Silas Wright took the oath of office as Senator of the United States from the State of New York on the 14th of January, 1833, and in the thirty-seventh year of his age. He is still regarded in his native State as one of the half-dozen wisest statesmen that ever occupied a seat in the Upper House of our national legislature. He was a warm supporter of the administrations of Jackson and Van Buren, and the most eminent victim of New York's successful opposition to the conversion of the Territory of Texas into five more sovereign slave-holding States of the Union. He was also a close friend and constant correspondent of Elam Tilden and of his two elder sons.
The letter which follows reached Mr. S. J. Tilden only a few weeks before he was deprived of the Presidency by the 7-to-6 vote of the Electoral Tribunal of 1876. It connotes Senator Wright's first appearance in the Supreme Court of the United States. Mr. Waddell, to whom Mr. Tilden was indebted for Wright's letter, had been United States marshal during the administration of Mr. Van Buren.
WM. COVENTRY H. WADDELL TO S. J. TILDEN
"Bennett Building, New York, February 26, 1877.
"My dear Governor,—I know that you have the highest appreciation of the writer of the enclosed; but I do not know that you have a special taste to preserve interesting mementos relating to such persons.

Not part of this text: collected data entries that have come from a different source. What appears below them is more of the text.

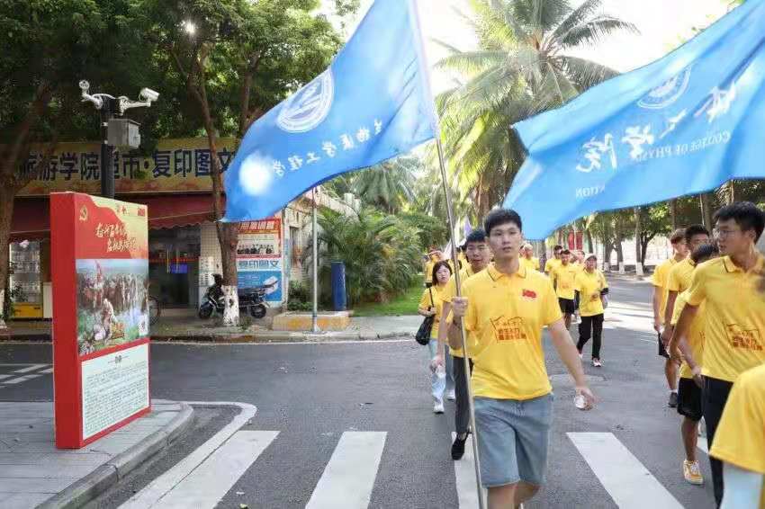 党员、入党积极分子于参加学校组织的“师生接力重走长征路”活动。从学校行政楼广场出发,7:40顺利与其他28个学院会师思源礼堂。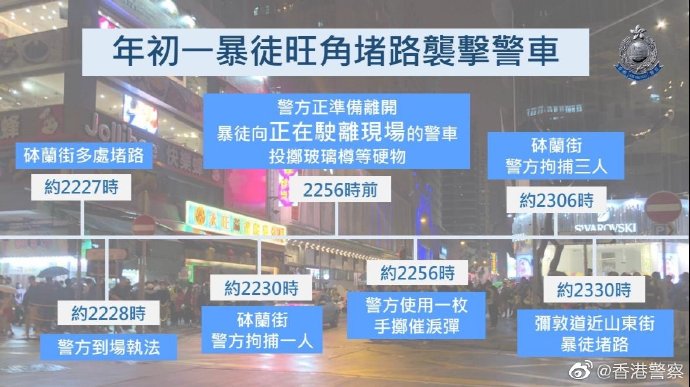 年初一晚上约十时,有蒙面暴徒集结于旺角,并以垃圾等杂物堵塞砵兰街一带的马路,引致交通受阻。警方逼不得已介入并采取执法行动,适时制止违法堵路行为。接近十一时,当警方执法后准备乘坐警车离开,暴徒竟以玻璃樽等杂物袭击。为制止暴徒的袭击,警方即时在现场施放一枚手掷催泪弹 。至十一时半左右,有暴徒冲出弥敦道近山东街的马路,并以卡板等杂物堵路,警方迅速到场执法并清理路障。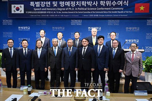 [더팩트ㅣ남용희 기자] 조현상 HS효성 부회장이 11일 오후 서울 서대문구 연세대학교에서 열린 또 럼 베트남 서기장의 특별강연 및 명예정치학박사 학위수여식에 참석하고 있다.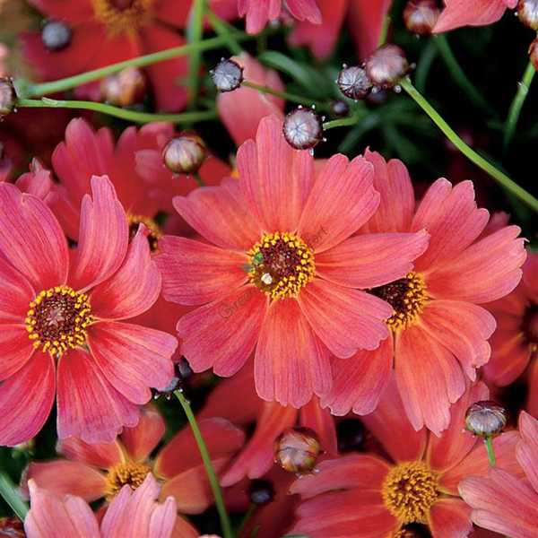 Кореопсис Ром Пунш - это настоящий цветочный коктейль для вашего сада! Это растение поразит вас своей красотой и изысканностью. Сорт rum punch обладает розово-красными цветками, которые будут радовать вас в течение трех месяцев весной и летом. Высота растения достигает 40 см, что делает его идеальным для создания красивых цветочных композиций. Листья кореопсиса имеют светло-зеленую окраску и необычную форму, что придает растению особый шарм.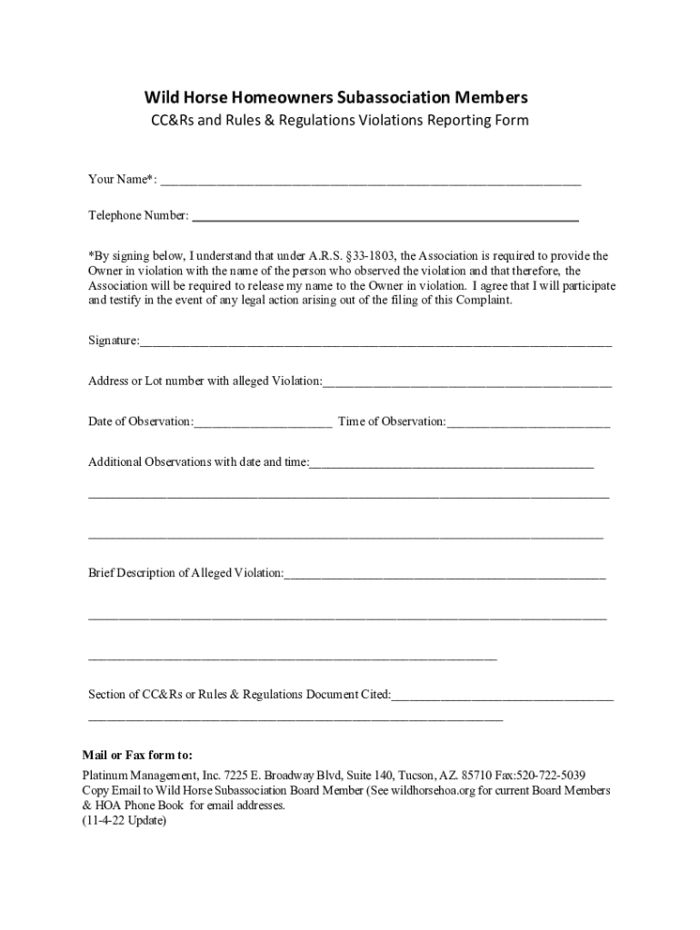 Wild Horse Homeowners Subassociation Members CC&Rs and Rules & Regulations Violations Reporting FormYour Name*: ___ Telephone Number: *By signing below, I understand that under A.R.S. 331803, the
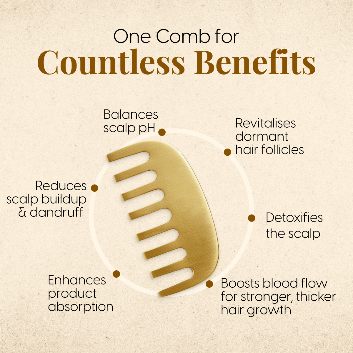 - Healthier Scalp: Matra’s kansa hair comb has alkaline properties, assisting in balancing the pH of your scalp. Kansa metal is also known to draw out toxins. Coupled together, this allows a healthy environment for the follicles, thereby treating scalp issues such as dryness, oily scalp or dandruff. Our kansa comb for hair growth exfoliates the scalp to remove buildup of dead skin cells, oil and products, allowing it to breathe.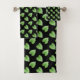 Modern Green Leaf Pattern on Black Bath Towel Set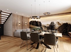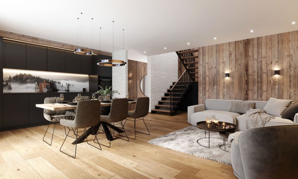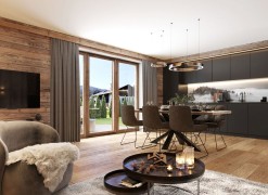The use of renowned international brand manufacturers is particularly noteworthy. Each chalet has a sophisticated lighting concept and designer lamps from Occhio, box-spring beds from Setra, which also furnish luxury hotels such as the Ritz Carlton, designer chairs from Freifrau, carpentry kitchens and kitchen appliances from Siemens StudioLine and many other highlights – quality that makes all the difference. The chaletThe TOP 7 chalet offers a harmonious combination of accessibility and seclusion. Not only is it located on the far right-hand edge with direct access to the car park, it also boasts a breathtaking view of the mountain landscape. Its elevated and quiet location gives it a sublime atmosphere that promises undisturbed relaxation.The chalet offers an inviting and spacious atmosphere. Upon entering the chalet, you immediately notice the open-plan concept and the spacious level, which includes the kitchen, dining area and living room. This open-plan design creates a cosy atmosphere for shared meals and social gatherings. Access to the private south-facing terrace and garden invites you to relax outdoors and offers beautiful views of the Tyrolean mountains.

If you have, and will observe the expressions in this letter, you will perceive that W. notes his 'first appearance' as counsel before the Supreme Court of the United States. I beg your acceptance of it for your collection of interesting memorials, and beg you to believe me to be, with sincere regard,
"Yours very truly,
"Wm. Coventry H. Waddell."
SENATOR WRIGHT, OF NEW YORK, TO THE NEW YORK UNITED STATES MARSHAL
"Senate Chamber, Washington, February 23, 1889.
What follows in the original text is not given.